Grade: C+
Back in the late eighties, after the success of “The Breakfast Club,” there was a brief movement of what came to be called kiddie noir, in which male stars from that John Hughes movie became the protagonists in supposedly tough-as-nails action tales modeled after classics of the forties. So we got Judd Nelson in the atrocious “Blue City” and Anthony Michael Hall in the silly “Out of Bounds” (both 1986), and though Emilio Estevez never tried the genre, one could include the somewhat better “No Man’s Land” (1987), with his brother Charlie Sheen in one of the leads, as an example-by-proxy.
The boomlet died as quickly as those movies did at the boxoffice, but it’s now revived in a more stylish, affected fashion by Rian Johnson in “Brick,” which transposes the sort of twisty, Dashiell Hammett sort of detective yarn that Humphrey Bogart might once have starred in to the environs of a stark California high school, where outsider Brendan Frye (Joseph Gordon-Levitt) determines to find out who killed his once-upon-a-time girlfriend Emily (Emilie de Ravin). Assisted by his geeky info source Brain (Matt O’Leary) and put off by Kara (Meagan Good), a diva-esque drama junkie, he eventually works his way, often bloodily, through an assortment of archetypes to the truth: small-time dealer Dode (Noah Segan) and loud-mouth jock muscle-head Brad (Brian White), drug “kingpin” Pin (Lukas Haas) and his brutish henchman Tugger (Noah Fleiss), and, most importantly, Laura (Nora Zehetner), a damsel who’s by turn helpful and dangerous, the obligatory femme fatale in the mix.

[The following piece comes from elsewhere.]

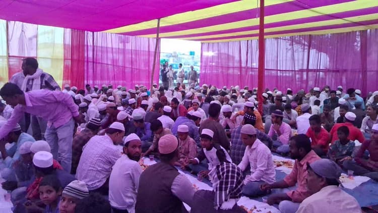 बलुआ बाजार. ललितग्राम थाना क्षेत्र के ललितग्राम स्टेशन के समीप पीएसआई दिलीप कुमार चौधरी के आवासीय परिसर में शनिवार को दावत ए इफ्तार पार्टी का आयोजन किया गया. दावत ए इफ्तार पार्टी में बलुआ, ललितग्राम, लक्ष्मीनियां, डोडरा, मधुबनी आदि गांव के रोजेदार व गणमान्य नागरिक शामिल हुए. जिन्होंने लजीज व्यंजनों का आनंद लेते सामाजिक सोहार्द का संदेश दिया. ललितग्राम थानाध्यक्ष संजना कुमारी की अध्यक्षता में आयोजित दावत ए इफ्तार का नेतृत्व पीएसआई दिलीप कुमार चौधरी ने की. सभी रोजेदारों ने देश में अमन व चैन के लिए दुआएं मांगी. मगरिब की अजान सुनकर सभी रोजेदारों ने रोजा तोड़ा. रोजेदारों ने बताया कि यह पाक महीना रहमतों व बरकतों से भरपूर है. इस महीने में अल्लाह अपने बंदों पर खास रहमत बरसाता है. कहा कि जो शख्स रोजेदार को इफ्तार कराता है. अल्लाह उस शख्स को रोजेदार के बराबर सवाब अता फरमाता है. इस प्रकार का इफ्तार पार्टी का आयोजन से आपसी भाईचारा भी बढ़ता है. अल्लाह ताआला रमजान माह में एक नेकी के बदले 70 गुना सबाब बढ़ा देता है. वहीं पूर्व मुखिया शमशुल हौदा, मित्तुलाह खान, पैक्स अध्यक्ष पिरोज आलम, सोनू आलम आदि ने बताया कि इससे पूर्व ललितग्राम थाना में दावत ए इफ्तार का आयोजन कभी भी नहीं किया गया था. लेकिन आज पीएसआई दिलीप कुमार चौधरी व थानाध्यक्ष संजना कुमारी के द्वारा यह इफ्तार दावत देकर आपसी भाईचारे का बहुत बड़ा पैगाम दिया गया है. इस मौके पर शशि भूषण सिंह, संजीव कुमार सुमन, डॉ फिरोज, मुस्तफा, दिनेश प्रसाद गुप्ता, मित्तुल्लाह खान, मो फिरोज, शमशुल हौदा, गुड्डू आलम, प्रमोद झा, वीरेंद्र यादव, मोजिव खान, मो तसोवर आलम, सोनू आलम, संजीव कुमार मंडल, मनीष कुमार, अमृत सागर झा आदि मौजूद थे.

Though it clearly apes the forties film noir in many narrative ways (including the fact that the poor protagonist must dextrously shuffle to mislead the people he’s dealing with, but constantly gets beaten up anyway), in other respects it quite deliberately departs from the model. It’s filmed by cinematographer Steve Yedlin in color, for one thing, and the almost uncomfortably bright images certainly don’t trade in the shadowy compositions that were characteristic of the old pictures. The tinkly, jangling piano-based score by Nathan Johnson, moreover, has absolutely nothing in common with the full orchestral, often jazzy ones that dominated sixty years ago.
All of which doesn’t mean that “Brick” doesn’t have its share of pleasures. Putting hard-boiled lingo reminiscent of forties detective chatter in the mouths of teens initially sounds affected, but most of the time it’s more amusing than irritating. And the acting is mostly strong. Gordon-Levitt continues his string of intriguing performances as the blandly calculating, bespectacled Brendan; even if he can’t make the constant pummeling he takes remotely credible, he’s great in one of the best sequences in the picture, in which he faces off against school VP Trueman (Richard Roundtree) in a perfect take-off on the obligatory scene in which Sam Spade (or somebody like him) confronts the chief of detectives who’s furious with his methods. Both Haas and Fleiss do nifty riffs on the underworld types, with the latter embodying the none-too-bright Tuff nicely and the former striking a queasily effective pose as a young guy trying desperately to look sinister by wearing a trench coat and flourishing a walking cane. (Their scenes are given added comic spark by the fact that The Pin’s “hideout” is in the basement of his house, where his mom flutters about offering “guests” orange juice and cereal.) O’Leary and Segan are fine, too, even if one wonders what Peter Lorre, an obvious model, would have thought about Dode’s duds. Things aren’t nearly, as strong on the distaff side–Good trues too hard and Zehetner seems pallid–but they get by.
So “Brick” isn’t the embarrassment that it could have been–a variant of Alan Parker’s 1982 misfire “Bugsy Malone,” in which kids played 1920s gangsters. But it still is more a stunt than a really satisfying twist on an old formula. It’s enjoyable but thin, an exercise in style in which the appearance almost compensates for the lack of substance–but not quite.